• Task brief: Give again, word for word, every line in the entries below from the line with "The first Wednesday" up to and including the line with "活动中,民辅警首先向同学们讲", and no other line.

• Input data:

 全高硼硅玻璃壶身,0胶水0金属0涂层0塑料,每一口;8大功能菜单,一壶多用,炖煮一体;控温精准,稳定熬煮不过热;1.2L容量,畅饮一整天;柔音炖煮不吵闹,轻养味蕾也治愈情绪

==

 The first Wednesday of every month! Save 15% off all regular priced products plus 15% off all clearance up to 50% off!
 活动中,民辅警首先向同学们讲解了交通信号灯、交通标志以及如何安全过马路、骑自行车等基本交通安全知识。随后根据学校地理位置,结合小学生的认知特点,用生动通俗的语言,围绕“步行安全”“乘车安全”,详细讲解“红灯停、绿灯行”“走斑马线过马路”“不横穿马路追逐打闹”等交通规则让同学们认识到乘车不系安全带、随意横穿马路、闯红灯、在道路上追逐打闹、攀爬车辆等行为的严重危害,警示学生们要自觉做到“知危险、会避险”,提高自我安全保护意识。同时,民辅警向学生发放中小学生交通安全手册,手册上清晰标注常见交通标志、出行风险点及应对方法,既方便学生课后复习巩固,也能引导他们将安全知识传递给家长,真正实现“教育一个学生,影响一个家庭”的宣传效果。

• Answer to this exercise:
 The first Wednesday of every month! Save 15% off all regular priced products plus 15% off all clearance up to 50% off!
 活动中,民辅警首先向同学们讲解了交通信号灯、交通标志以及如何安全过马路、骑自行车等基本交通安全知识。随后根据学校地理位置,结合小学生的认知特点,用生动通俗的语言,围绕“步行安全”“乘车安全”,详细讲解“红灯停、绿灯行”“走斑马线过马路”“不横穿马路追逐打闹”等交通规则让同学们认识到乘车不系安全带、随意横穿马路、闯红灯、在道路上追逐打闹、攀爬车辆等行为的严重危害,警示学生们要自觉做到“知危险、会避险”,提高自我安全保护意识。同时,民辅警向学生发放中小学生交通安全手册,手册上清晰标注常见交通标志、出行风险点及应对方法,既方便学生课后复习巩固,也能引导他们将安全知识传递给家长,真正实现“教育一个学生,影响一个家庭”的宣传效果。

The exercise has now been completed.